The horse posted in the OP, is very lovely to look at, I love his coloring and his boldness - but a horse is only worth as much as the fool who is willing to spend.


----------



## Gizmo (Dec 19, 2010)

He is certainly a beauty. Way too rich for my blood 35k yikes! I'm sure you can find one that looks similar to him though.


----------



## faye (Oct 13, 2010)

Ak1 said:


> Depends whether you're talking morale values or purpose- TOP competitors in the jumper world and dressage are started in consistant work as young as 2, and jumpers by 3 are going around doing courses. Barrel racers and western sport horses are started that young as well. Different horses mature at different speeds and rates and it's up to you to decide. Please, I don't mind this debate giong on, but please just not on my thread?  Thank you!
> Just had to add my opinion too


Yet again you show your ignorance. Horses all Grow at exactly the same rate, sure some look more mature earlier but thier growth plates all seal at approximately the same time and in the same order (irrigardles of breed).

Top Dressage riders do not start them at 2, Most won't even think about acking a horse untill 3 or 4 years old. They cannot be competed untill 4 years old and generaly cannot mentaly cope with the work required of them when younger.

Showjumping it used to be that you could not compete untill they were 5 years old, I believe that has now been reduced to 4 years old. Top showjumpers over here do not break thiers untill 3 and a half and then only have a light season as a 4 yearold. I believe the the famous "milton" didnt start jumping untill he was 4, didnt get to international level before he was 8. Top show jumpers prefer to preserve thier horses and keep them fresh!

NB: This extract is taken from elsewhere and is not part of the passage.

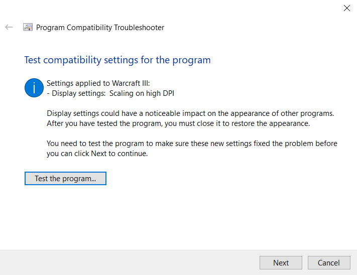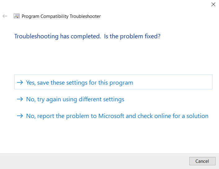 - If the program worked correctly, select **Yes, these settings for this program. **Otherwise, you can select **No, try again using different settings** to attempt running the program with other settings. Just hit **Cancel** if you want to close the troubleshooter without saving the settings.

Starting a horse too early not only damages hocks and increases the likely hood of early artheritis but is can mentaly destroy a horse. you push a horse to young and you end up with either a dangerous horse or a horse who will go sour well before it ever reaches its potential.

For every year you give a horse at the start of its career you will get 3 back at the end on it's career.

I'm not even going to start on my thoughts about how young some western horses are ridden!


----------



## Gizmo (Dec 19, 2010)

Ak1, this guy is super cute with the black and white and the blue eyes. And he is A LOT cheaper and his price is even negotiable. Seems like a super horse just by the sounds of him. LOWER LEVEL DRESSAGE PROSPECT | Buy this Horse at Equine.com
And this mare is really cute, needs some more work with an experienced rider, but still adorable and at a pretty decent price. She has similar marking just not black and white and no blue eyes. Get Noticed in the Ring! | Buy this Horse at Equine.com
Then there is this guy. He is a jumper if that is what you are looking for, actually it says he does like everything so that is good as well. And he has had a lot of accomplishments and is worth the price tag.
Black and White Hunter/Jumper/Western Horse | Buy this Horse at Equine.com

Super nice prospect with a super nice price, lol.
Very Willing Gaming Prospect | Buy this Horse at Equine.com

When looking at the picture of the horse you picked its kind of hard to judge other horses. He is really nice looking but he is also pampered and SUPER show shinned and his mane has been pulled and his tail has been cut all even and everything. He is super flashy in the marking too, but I'm sure you can find a horse that looks similar and can make him or her look just as shiny and nice. Btw, I live in New Hampshire too, what town are you in?


----------